Wrap up - last week:
Central bankers queue to ease tapering fears
Global markets began the week wrong-footed by fears of a reduction in monetary stimulus (tapering) in the US, sparked by the Federal Reserve (Fed) chairman’s comments a few days earlier. Continuing tight liquidity conditions in China and concerns for its impact on the country’s economic growth further prayed on investors’ minds. Soothing remarks from a succession of central bankers including officials from the Fed, the European Central Bank, ex-governor of the Bank of England, and People’s Bank of China helped bring a degree of calm. While the latter’s officials pledged to maintain financial stability, the message from the rest was dovish regarding an imminent end to stimulus, in Europe as well as the US.
One piece of economic data that helped ease tapering concerns was a sharp downward revision to the US first quarter gross domestic product (GDP) growth, revised to 1.8% annualised against 2.4% expected, making it less likely that the Fed would scale back its stimulus programme imminently. In Europe, the rise in the latest German Ifo business climate index for June helped sentiment, while the European Council finalised an agreement on a bank resolution framework on how to handle failing banks in the region and bolster confidence. In the UK, key corporate news included the move by Vodafone to buy German cable operator Kabel Deutschland for €7.7bn.
In fixed income markets the weaker US GDP number helped US Treasuries break a seven-day losing streak on Wednesday, however, higher US yields saw yields on European peripheral government bonds trail higher (ie, prices fell) before easing back towards the end of the week. Meanwhile, the price of gold continued to decline ending the week down 5.8%.

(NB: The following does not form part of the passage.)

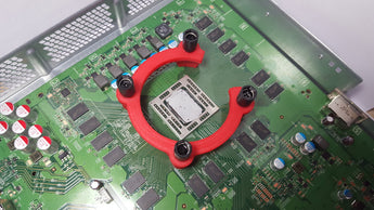 Este kit de montaje está diseñado para permitir la instalación de un bloque de refrigeración líquida Thermaltake "Water 3.0 Performer C" en una placa base Xbox One. El kit consta de un soporte y una placa posterior que, en conjunto, garantizan un montaje estable y preciso del cabezal de refrigeración líquida.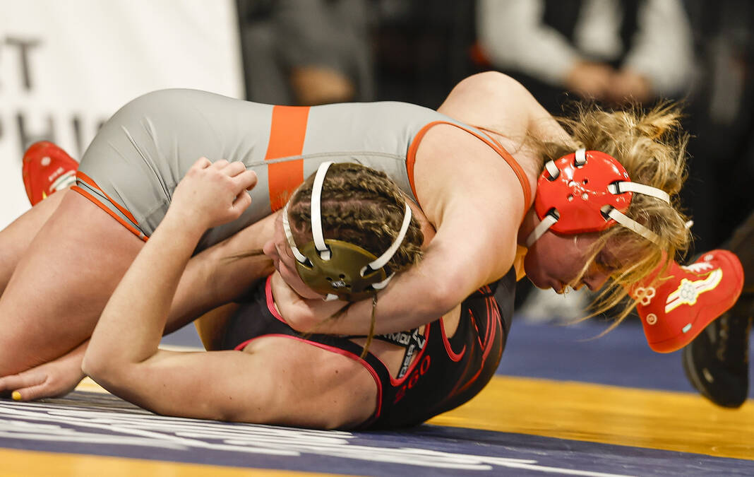 Columbus East’s Maddie Shrader, right, goes for the pin on Elkhart’s Lily Clark in the 235-pound first-round match Jan. 17 at the Girls Wrestling State Finals at the Corteva Coliseum in Indianapolis.

Shaping the markets – this week:
‘Tapering suspense’
Between now and the next important Fed meeting in September, US economic data will likely provide a roller coaster ride for global markets. The next critical release is the June employment report out this Friday, which is generally expected to show the number of new jobs added (change in non-farm payrolls) to be 165K. While a number in line with consensus will not resolve tapering fears, anything significantly below or above it will likely cause an aggressive reaction in either direction. Released a day after the Independence Day holiday (4 July), the reaction could be muted due to fewer participants in the market. June’s unemployment rate is also widely expected to edge down to 7.5% from 7.6% the previous month.
Across the Atlantic, data of note will be a series of Purchasing Managers’ Index (PMI) manufacturing and services releases in Europe (Monday and Wednesday respectively). Strong gains are expected in the manufacturing PMI for Spain and Italy, while that for the euro area could remain unchanged, and likely be only slightly higher in the UK. PMI services data may paint a similar picture. German factory orders out on Friday could provide a positive note; expectations are for a 1.2% rise over the month of May versus a decline of 2.3% the previous month. The European Central Bank and the Bank of England, with the new governor Carney at the helm, hold their regular meetings on Thursday; no change in policy is expected.
In Asia, Monday morning saw the release of the latest Bank of Japan quarterly Tankan report, which revealed that business confidence moved into positive territory for the first time since September 2011 (+4 from -8 in March). Another significant data release came from China where the official manufacturing PMI fell from 50.8 in May to 50.1 in June, the lowest reading in four months, as the sector weakened sharply, signalling further slowdown in growth.